TASK DETAILS ->
The lines from the one with "ชุดละหมาด ผ้าตะละกง พร้อมกระเป๋า" through the last line of the material below, copied exactly and free of pictures, make up the whole answer.

RECORDED DATA ->
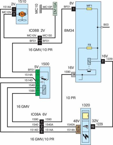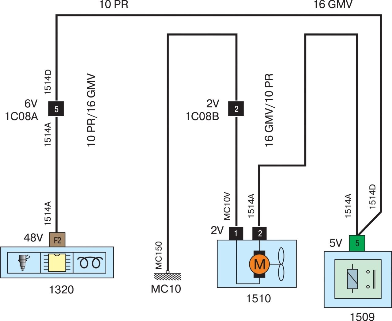 1508 — реле питания малой скорости электродвигателя вентилятора
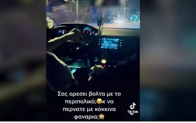 Το περιπολικό φαίνεται να κινείται στη λεωφόρο Ποσειδώνος με αναμμένους φάρους και σειρήνες. Λίγο πριν περάσει ένα κόκκινο φανάρι, ακούγονται γυναικείες φωνές από τα πίσω καθίσματα του περιπολικού από όπου κι έχουν καταγραφεί όλες οι εικόνες του βίντεο. Οι φωνές μιμούνται τη σειρήνα του περιπολικού που ηχεί εκείνη την ώρα και ξεσπούν σε γέλια όταν το όχημα αναπτύσσει ταχύτητα για να περάσει το κόκκινο φανάρι.
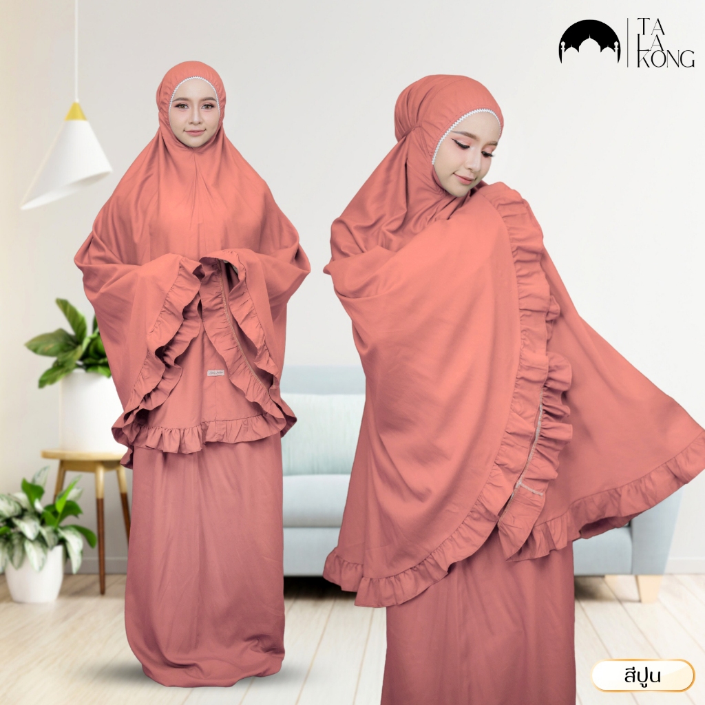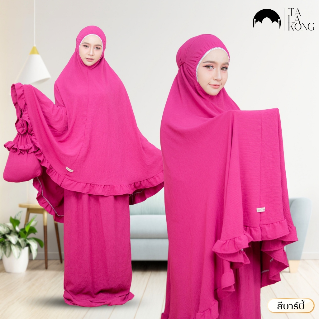 ชุดละหมาด ผ้าตะละกง พร้อมกระเป๋า พกพาสะดวก (คละเฉดสี) (คละผ้า) สีพื้น กรอบหน้ายางยืด TB44วาริสมุสลิม
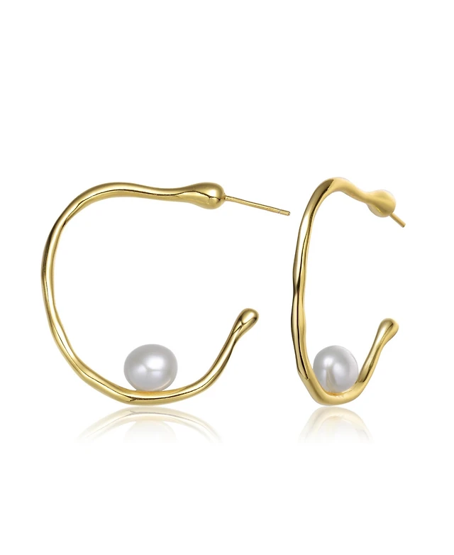 Elegant Sterling Silver & 14K Gold-Plated Ribbon Half-Hoop Earrings with White Freshwater Pearl Drops

ANSWER TO THIS PROBLEM ->
 ชุดละหมาด ผ้าตะละกง พร้อมกระเป๋า พกพาสะดวก (คละเฉดสี) (คละผ้า) สีพื้น กรอบหน้ายางยืด TB44วาริสมุสลิม
 Elegant Sterling Silver & 14K Gold-Plated Ribbon Half-Hoop Earrings with White Freshwater Pearl Drops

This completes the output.